Да, опрокинуть все эти злые перегородки, разделяющие ныне людей, освободить от пут земли не только иудея, но и всякого человека, кто бы он ни был, ибо всякий сын человеческий есть в то же время и сын Божий, все эти различные религии их слить в одну религию, религию чистого и любящего сердца, поставить над людьми-братьями единым властелином Бога, любящего Отца — вот его дело, вот на что призывает его Господь, голос Которого так властно звучит для него в тиши звездных ночей… И для нового вина этого он искал новых мехов, ибо в старые мехи нового вина не вливают…
И, блаженно-пьяный этим новым вином, он чувствовал, как разгораются в душе его святые огни, как звучат в ней трубы ангелов, призывающие его на подвиг. Но как, где начать его? Кто послушает его, ничего не значащего галилеянина? И снова он склонялся над свитком старого Исаии:
«…Только один Господь возвеличен будет в тот день, ибо идет день Господа на все высокомерное, и гордое, и надменное, которое будет унижено, и на все кедры Ливанские, высокие и превозносящиеся, и на все дубы Вассанские, и на все высокие горы, и на все возвышенные холмы, и на всякую высокую башню, и на всякую укрепленную стену, и на все корабли фарсийские… Только Господь один будет велик в тот день!..»
Не может быть, чтобы все это было написано зря!..

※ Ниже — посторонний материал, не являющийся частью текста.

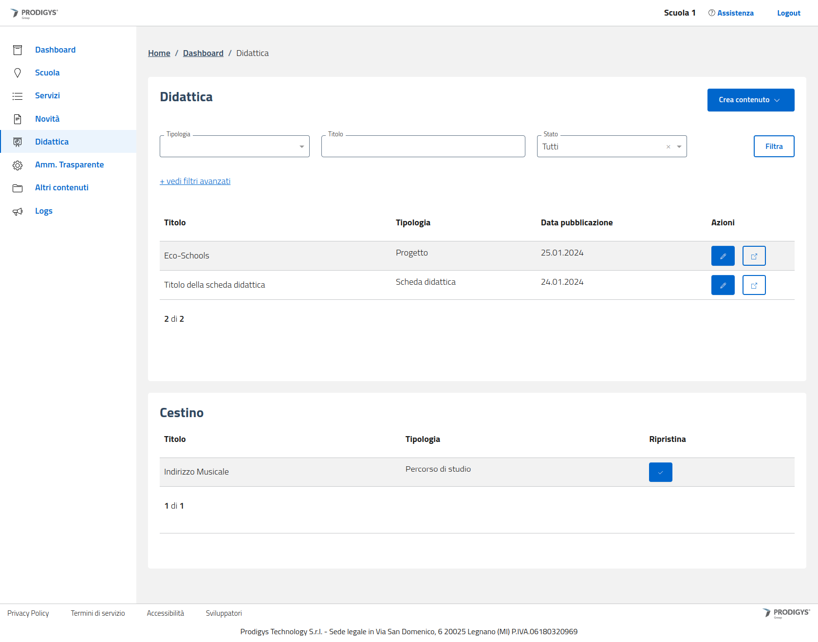 Nella sezione della didattica è possibile andare a gestire i progetti, le schede didattiche e i percorsi di studio. La gestione consiste nella creazione , la modifica o la cancellazione di uno di questi elementi. Nella schermata è inoltre possibile vedere gli elementi pubblicati e gli elementi cancellati riguardanti quella sezione.
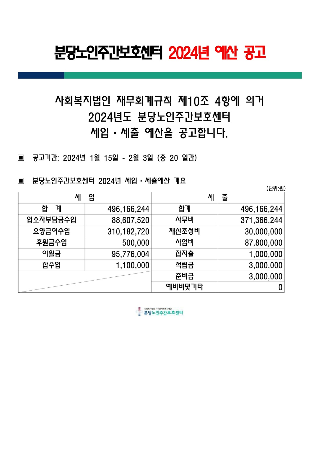 제목[재정공시] 2024년도 분당노인주간보호센터 세입,세출 예산 공고 카테고리 전체 작성자관리자 조회수564작성일2024.01.15 첨부파일 게시판 공고(2024 주간보호 예산).jpg
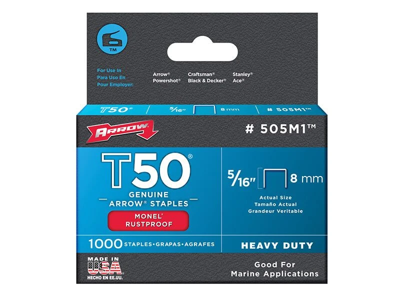 The Arrow ARRT5012MS T50M 508m Monel staples come in the following:
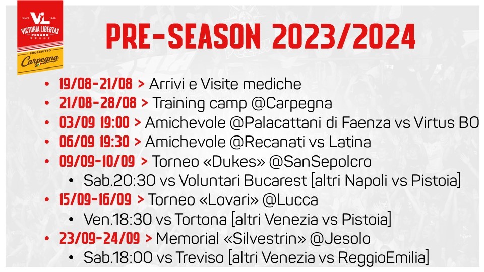 Il primo match di preseason è in programma per domenica 3 settembre alle 19:00 al PalaCattani di Faenza: avversaria sarà la Virtus Segafredo Bologna. Mercoledì 6 settembre alle 19:30 i biancorossi saranno impegnati al PalaCingolani-Pierini di Recanati per l’amichevole contro la Benacquista Assicurazioni Latina. Nel fine settimana del 9 e 10 settembre altre due partite per la Carpegna Prosciutto Basket Pesaro che sarà di scena a Sansepolcro per il Trofeo ‘Dukes’. Sabato 9 alle 20:30 l’avversaria sarà la formazione romena del CSO Voluntari Bucarest mentre domenica 10 alle 18:30 (in base all’esito del match del giorno precedente) una tra GeVi Napoli ed Estra Pistoia.
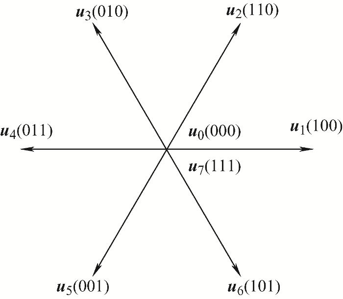 两电平电压源型逆变器一共有7种不同的基本电压矢量,如图3 所示。首先,根据式(5)、式(9)对7种电压矢量作用下的定子磁链$\mathbf{\psi }_{si}^{k+1}$ 和转速$\omega _{\text{r}i}^{k\text{+1}}$ 进行预测$(i=0,1,\cdot \cdot \cdot,6)$ ;再根据预测值计算相应的价值函数值;最后,根据最小化价值函数的原则选取最优电压矢量由逆变器输出。
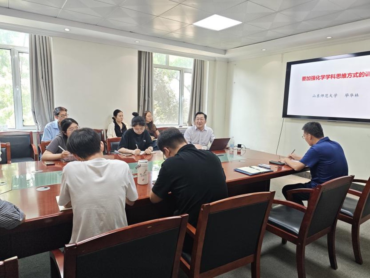 为进一步加强学术交流,特邀山东师范大学毕华林教授进行专题学术报告。5月24日,毕华林教授于化学楼218会议室作了“要重视化学学科思维方式的训练”报告。本次报告由学院李言信老师主持,化学教学论教研室教师及相关专业研究生参加。

«…И дух Господа почиет на нем, дух премудрости и разума, дух совета и крепости, дух знания и страха Божия. И благословение его в страхе Божием, и будет судить не по взгляду глаз своих, и будет обличать не по слуху ушей своих, но будет судить бедных по правде и будет решать дела смиренных по справедливости, и поразит землю жезлом уст своих, и умертвит нечестивого духом уст своих. И правда будет поясом на чреслах его и верность — на бедрах его. И волк будет жить вместе с агнцем, и леопард будет лежать вместе с козленком, и телец, и лев, и вол будут вместе, и малое дитя поведет их. И корова будет пастись с медведицею, и детеныши их будут лежать вместе, и лев будет есть солому, как вол. И грудное дитя будет играть над норою аспида, и отнятое от груди дитя положит свою руку на гнездо василиска. Не будут делать ни зла, ни вреда по всей святой горе Моей, потому что земля будет так наполнена знанием Господа, как морское дно наполняют воды…»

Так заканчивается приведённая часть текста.